Abstract:When making decisions, people often overlook critical information or are overly swayed by irrelevant information. A common approach to mitigate these biases is to provide decision-makers, especially professionals such as medical doctors, with decision aids, such as decision trees and flowcharts. Designing effective decision aids is a difficult problem. We propose that recently developed reinforcement learning methods for discovering clever heuristics for good decision-making can be partially leveraged to assist human experts in this design process. One of the biggest remaining obstacles to leveraging the aforementioned methods for improving human decision-making is that the policies they learn are opaque to people. To solve this problem, we introduce AI-Interpret: a general method for transforming idiosyncratic policies into simple and interpretable descriptions. Our algorithm combines recent advances in imitation learning and program induction with a new clustering method for identifying a large subset of demonstrations that can be accurately described by a simple, high-performing decision rule.
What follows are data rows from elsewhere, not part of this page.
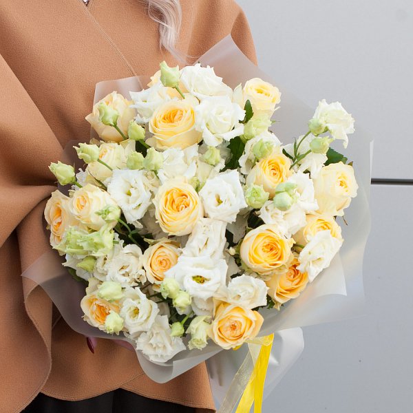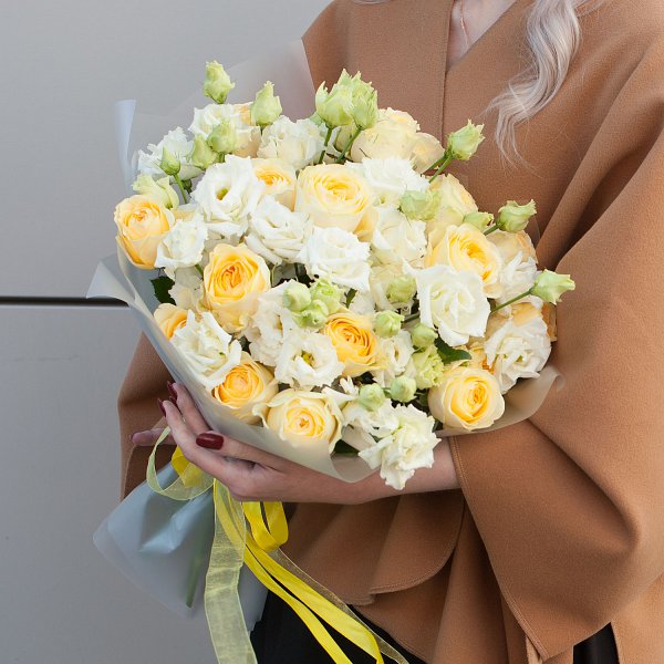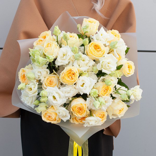 Букет цветов "Медовый" - это сборный букет, состоящий из 27 желтых роз и 10 белых лизиантусов.
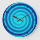 Eine vibrierende blaue Neonsteigung des königlichen Blaus oder des Kobaltblaus in einem abstrakten von Kreisspiralen in einer Drehung der weichen blauen Farben, die eine Illusion einer Hypnotik schaffen und Entwurf dizzying.
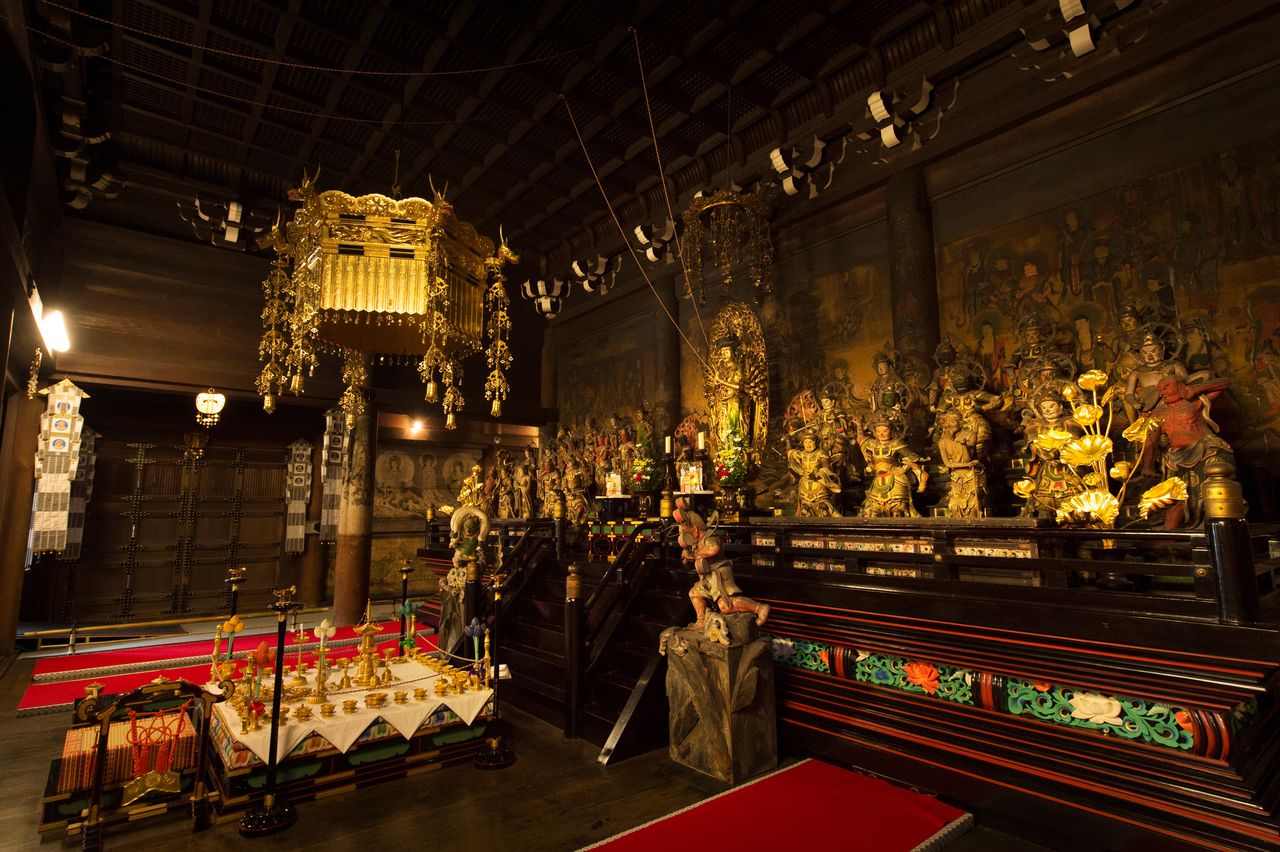 المجسد الرئيسي في قاعة كوندو هو تمثال لأميتابها (أميدا). وقد تم نقل الهيكلين سيئيدين وشينشيندين المحددين ضمن الكنوز القومية، إلى نينّاجي أثناء فترة ’’كان ئي‘‘ (1624-1644).

We evaluate our new AI-Interpret algorithm and employ it to translate information-acquisition policies discovered through metalevel reinforcement learning. The results of three large behavioral experiments showed that the provision of decision rules as flowcharts significantly improved people's planning strategies and decisions across three different classes of sequential decision problems. Furthermore, a series of ablation studies confirmed that our AI-Interpret algorithm was critical to the discovery of interpretable decision rules and that it is ready to be applied to other reinforcement learning problems. We conclude that the methods and findings presented in this article are an important step towards leveraging automatic strategy discovery to improve human decision-making.